# 2200 eeprom chip removal help



## martfarm (Oct 8, 2010)

Hi can someone tell me exactly which chip is the eepron that needs to be removed, and will it work on a 2100 board [uk version of 2200 ] will give it a try before buying new board thks


----------



## IYFGraphics (Sep 28, 2009)

I may or may not be correct but here goes, on most boards the bios or firmware EPROM is socketed, which means the chip can be removed with a little care and a small flat blade screwdriver or a chip puller, you need to me careful not to bend any of the pins removing the chip and make sure it's started in all the holes square and apply minimal pressure to install it in the socket.

Hope this helps.


----------



## martfarm (Oct 8, 2010)

Hi the 2100 has a socketed chip but its soldered on the 2200 thks


----------



## IYFGraphics (Sep 28, 2009)

Sorry...that's why I prefaced my comment the way I did.

To remove the chip from the 2100 you'll need some skills and a few tools, it can be removed using a desoldering tool (removing the solder joint from each leg of the IC) then installing the new chip and resolding each leg making sure you have the correct orientation of pin 1 matching the chip you removed.

If you have a electronics store you might be able to buy a socket to install on the board making changing the chip fairly easy in the future.

Hope this helps.


----------



## martfarm (Oct 8, 2010)

Hi the 2100 has a socket and the chip just pops out, its the chip on the 2200 that is soldered which is the one i was going to remove and plug into the socket of the 2100 board does that sound correct to you?


----------



## IYFGraphics (Sep 28, 2009)

martfarm said:


> Hi the 2100 has a socket and the chip just pops out, its the chip on the 2200 that is soldered which is the one i was going to remove and plug into the socket of the 2100 board does that sound correct to you?


Yep......exactly the same procedure.


----------



## TahoeTomahawk (Apr 12, 2006)

martfarm said:


> Hi the 2100 has a socket and the chip just pops out, its the chip on the 2200 that is soldered which is the one i was going to remove and plug into the socket of the 2100 board does that sound correct to you?


That does not sound correct.

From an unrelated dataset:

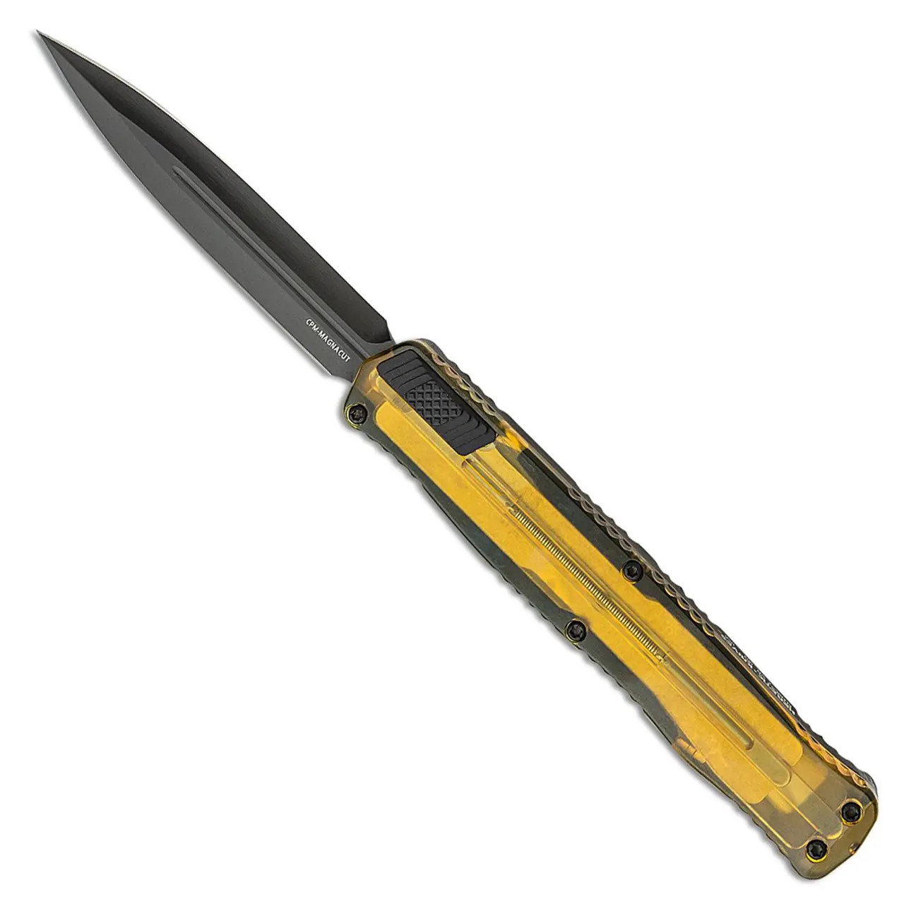 This Iconoclast Series limited model features a black handle with an ultem inlay and an Ultem top cover. Black DLC finished double edge dagger CPM-MagnaCut blade. Black finished hardware and pocket clip. The side of the frame is etched with the Heretic logo, model information, and serial number. Brand new in box.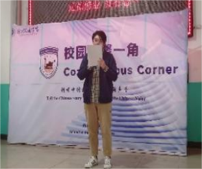 在主持人的鼓励下,同学们以演讲、猜词、分组讨论等不同形式展示英语风采,介绍历史上的丝绸之路、“一带一路”获得的成就和“一带一路”沿线不同国家的文化以及英语学习中的经验。

All the Stylus Photo 2200, I've purchased for the mainboard had an unsoldiered eprom you can remove with a puller. I damaged one using a screw driver so I went to Radio shack and picked up a puller for a few dollars.


----------



## cmos (Oct 5, 2009)

I have 3 2100, two of them have a socket and the other one has soldered eprom. This is surface mounted (SSD) and you need special tools and special skills, i recommend you to find someone who has the equipment to do it for you.


----------



## martfarm (Oct 8, 2010)

Hi i have the skills to remove this chip and replace it, was checking to see if it was possible to replace the 2200 eeprom on to a 2100 board, i now have the 2100 board coming up as a 2200 board when plugged in to the computer will try to flash first, if that falls will remove chip thks for help


----------



## Don-ColDesi (Oct 18, 2006)

The 2100/2200 setting is in the firmware of the mainboard and can be programmed with the adjustment program that Epson certified techs use. There may be some bootleg copies out there that are floating around - I know some direct to garment printer manufacturers pirate the software and distribute - perhaps you can get a copy of that package.


----------



## martfarm (Oct 8, 2010)

Hi have just removed the eeprom, and put it on the 2100 board it was printing same red but right over the top left of the tray, so have just flushed it and going to let soak and fill with ink and give it a try, i might of had the setting wrong in rip pro not used before so will have to read up thks


----------



## IYFGraphics (Sep 28, 2009)

Don-SWF East said:


> The 2100/2200 setting is in the firmware of the mainboard and can be programmed with the adjustment program that Epson certified techs use. There may be some bootleg copies out there that are floating around - I know some direct to garment printer manufacturers pirate the software and distribute - perhaps you can get a copy of that package.


Don,

Surly your not suggesting in a public forum that the OP infringe on Epsons IP by obtaining a pirated copy of Epson adjustment program?...just saying.


----------



## Don-ColDesi (Oct 18, 2006)

No, actually pointing out the fact that the adjustment software that is circulating out there is actually pirated


----------



## TahoeTomahawk (Apr 12, 2006)

Don, I'm confused about your statement.
Are you suggesting that those of us using the adjustment program are actually using pirated copies?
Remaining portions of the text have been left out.